Operation of python multiprocessing Multi process Parallel Computing
- 2021-09-16 07:29:55
- OfStack
multiprocessing package of python is a multi-process parallel computing package provided by the standard library, which provides API functions similar to threading (multithreading), but assigns tasks to different CPU compared with threading, avoiding the limitation of GIL (Global Interpreter Lock).
Next, we introduce the Pool and Process classes in multiprocessing.
Pool
It is more convenient to use Pool process pool to process tasks in parallel.

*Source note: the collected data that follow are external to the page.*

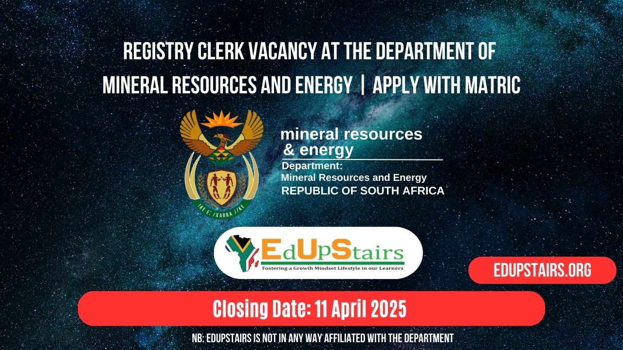 The Department of Mineral Resources and Energy invites suitably qualified applicants to apply for their Registry Clerk Vacancy. The closing date for applications is the 11th April 2025
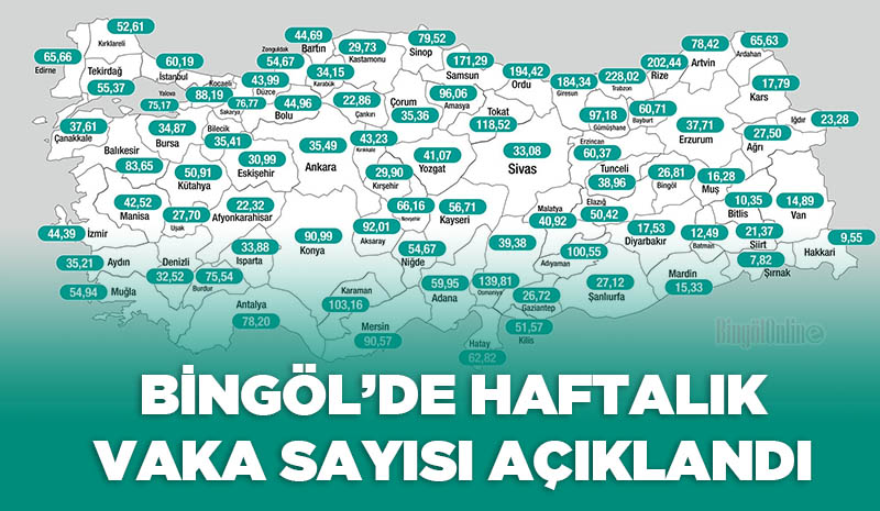 Sağlık Bakanı Fahrettin Koca, 81 ilin haftalık vaka sayını açıkladı. Verilere göre, 8-14 Şubat 2021 tarihler arasında Bingöl'deki vaka sayısı 100 Binde 26,81 kişi. Buna göre; 280 Bin nüfuslu Bingöl'de haftalık vaka sayısı yaklaşık 75 olarak görülüyor.
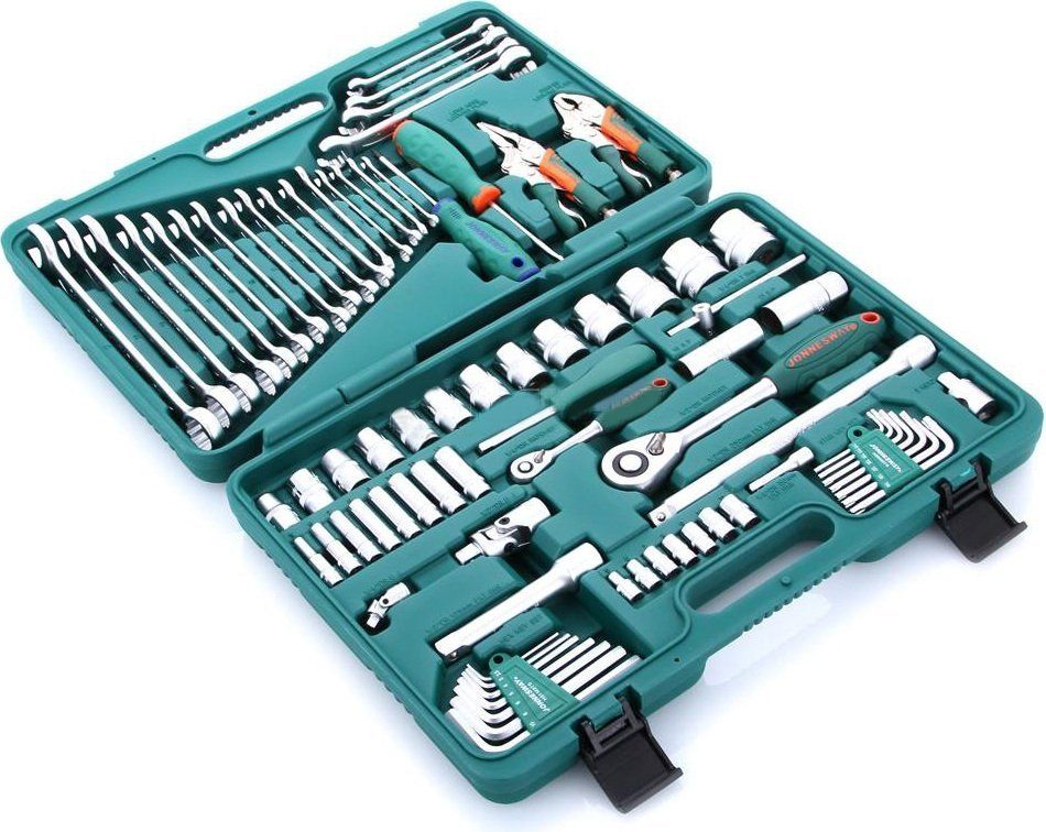 Комплект инструмента, представленного в наборе, порадует любого автомобилиста и автомеханика благодаря наличию большого количества 6-гранных торцевых головок (от 4 до 32 мм), и двух весьма качественных трещоток.
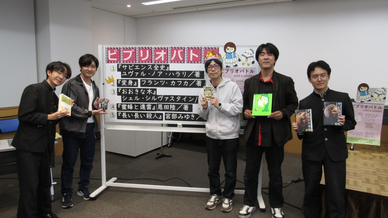 2025年11月2日(日)アルカスSASEBOにおいて、「ビブリオバトル 2025 in SASEBO」を開催しました。佐世保市立図書館と共催し、今回で8回目となります。佐世保市内の各団体から集まった5名のバトラー(発表者)がおすすめの本を紹介し、40名近くのオーディエンス(観覧者)から投票で選ばれたチャンプ本は『変身』(フランツ・カフカ/著)でした。

We can specify the number of parallel CPU, and then Pool will automatically put tasks into the process pool to run. Pool contains several parallel functions.
apply apply_async
apply executes tasks one by one and has been deprecated in python3, while apply_async is an asynchronous execution version of apply. Parallel computation 1 must use apply_async function.
import multiprocessing
import time
from random import randint, seed
def f(num):
seed()
rand_num = randint(0,10) # Randomly generated every time 1 Pause time
time.sleep(rand_num)
return (num, rand_num)
start_time = time.time()
cores = multiprocessing.cpu_count()
pool = multiprocessing.Pool(processes=cores)
pool_list = []
result_list = []
start_time = time.time()
for xx in xrange(10):
pool_list.append(pool.apply_async(f, (xx, ))) # Not here get , Blocks the process
result_list = [xx.get() for xx in pool_list]

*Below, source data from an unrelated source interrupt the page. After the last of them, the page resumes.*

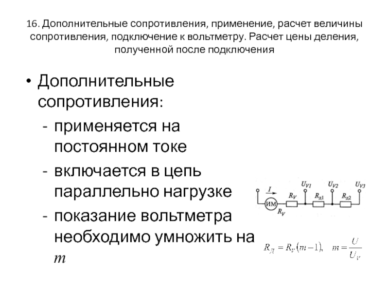 Дополнительные сопротивления, применение, расчет величины сопротивления, подключение к вольтметру. Расчет
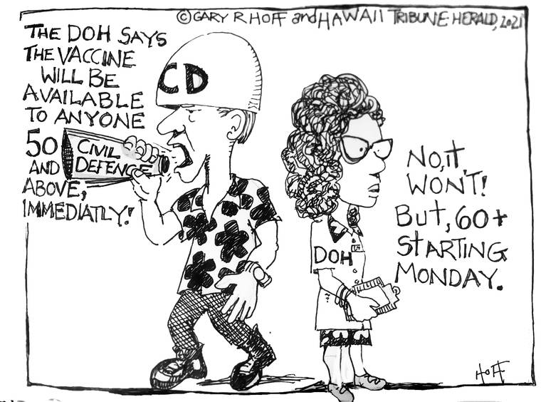The Big Island as seen by Hawaii Tribune-Herald cartoonist Gary Hoff.
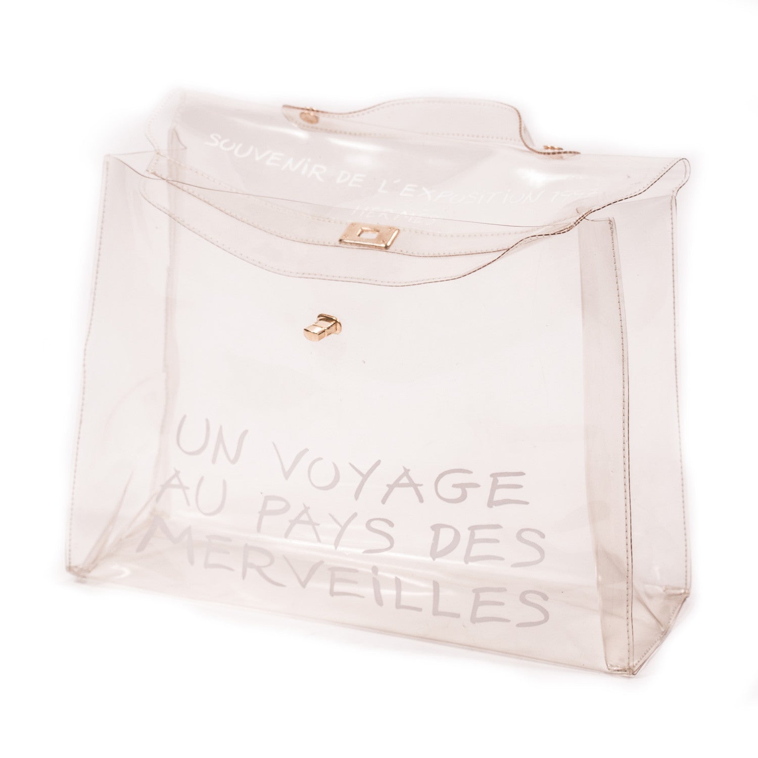 Details: Limited Edition / Transparent PVC / Gold-Tone Hardware / Single Flat Top Handle / 'Souvenir de l'Exposition 1997 Hermes' Print At Flap /'Un Voyage Au Pays Des Merveilles' Motif / Front Flap Turn Lock Closure

# Here, some people have to wonder why not directly in for Direct in loop result.get() What about? This is because pool.apply_async Subsequent statements are blocking execution, calling result.get() Will wait 1 The following tasks will not be assigned until the tasks are executed 1 A mission. In fact, getting the return value is best done after the process pool is reclaimed to avoid blocking subsequent statements.

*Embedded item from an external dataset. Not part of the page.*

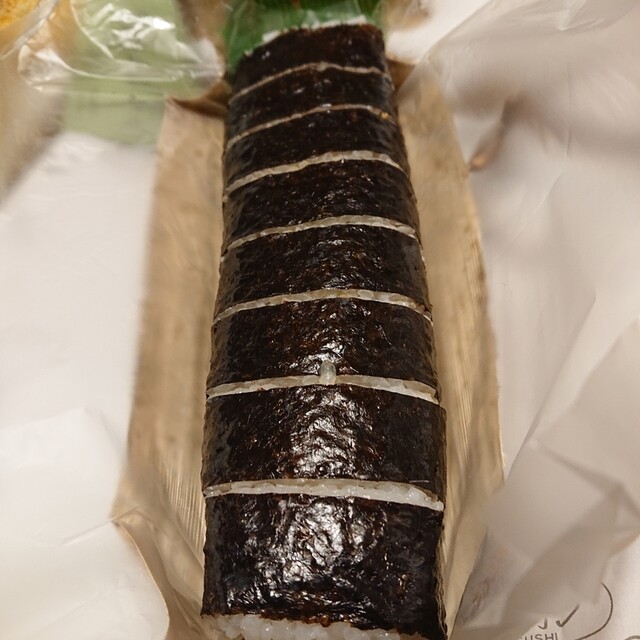 お昼休みに開封。味付けは全般にデパ地下で買うものよりは、東京風というか下町風が前面に出ている感じがします。いなりはよりジューシーで濃いめの味付け。酢飯にちょっとツユが浸みています。かんぴょう巻は中の甘辛く煮たかんぴょうの比率が高い。中心にたっぷり入ったかんぴょうをご飯が一並べ包んでいるイメージです。太巻きはあまり差がないかもしれません。好みの問題かもしれませんが、デパ地下で買うちょっと上品な感じのものよりもこっちの方が好きですね。

# Finally, we use 1 The following statement recycles the process pool:
pool.close()
pool.join()
print result_list
print ' Time spent in parallel %.2f' % (time.time() - start_time)
print ' Serial time spent %.2f' % (sum([xx[1] for xx in result_list]))
#[(0, 8), (1, 2), (2, 4), (3, 9), (4, 0), (5, 1), (6, 8), (7, 3), (8, 4), (9, 6)]
# Time spent in parallel 14.11
# Serial time spent 45.00
map map_async
map_async is the asynchronous execution function of map.
Compared with apply_async, map_async can only accept one parameter.
import time
from multiprocessing import Pool
def run(fn):
#fn: Function arguments are the 1 Elements
time.sleep(1)
return fn*fn
if __name__ == "__main__":
testFL = [1,2,3,4,5,6]
print ' Serial :' # Sequential execution ( That is, serial execution, single process )
s = time.time()
for fn in testFL:
run(fn)
e1 = time.time()
print " Sequential execution time: ", int(e1 - s)
print ' Parallel :' # Create multiple processes and execute them in parallel
pool = Pool(4) # Create Owns 5 Process pool with the number of processes
#testFL: The list of data to process, run : Handling testFL Function of data in list
rl =pool.map(run, testFL)
pool.close()# Close the process pool and no longer accept new processes
pool.join()# The main process blocks and waits for the child process to exit
e2 = time.time()
print " Parallel execution time: ", int(e2-e1)
print rl
# Serial :
# Sequential execution time: 6
# Parallel :
# Parallel execution time: 2
# [1, 4, 9, 16, 25, 36]
Process
When using Process, we must pay attention to the fact that Process object is used to create processes, and every process occupies 1 CPU, so the number of processes to be established must be less than or equal to CPU.
If too many processes are started, especially when CPU-intensive tasks are encountered, the efficiency of parallelism will be reduced.
#16.6.1.1. The Process class
from multiprocessing import Process, cpu_count
import os
import time
start_time = time.time()
def info(title):
# print(title)
if hasattr(os, 'getppid'): # only available on Unix
print 'parent process:', os.getppid()
print 'process id:', os.getpid()
time.sleep(3)
def f(name):
info('function f')
print 'hello', name
if __name__ == '__main__':
# info('main line')
p_list = [] # Save Process New process
cpu_num = cpu_count()
for xx in xrange(cpu_num):
p_list.append(Process(target=f, args=('xx_%s' % xx,)))
for xx in p_list:
xx.start()
for xx in p_list:
xx.join()
print('spend time: %.2f' % (time.time() - start_time))
parent process: 11741
# parent process: 11741
# parent process: 11741
# process id: 12249
# process id: 12250
# parent process: 11741
# process id: 12251
# process id: 12252
# hello xx_1
# hello xx_0
# hello xx_2
# hello xx_3
# spend time: 3.04
Interprocess communication
Both Process and Pool support Queues and Pipes types of communication.
Queue queue
Queues follow the principle of first in, first out and can be used between processes.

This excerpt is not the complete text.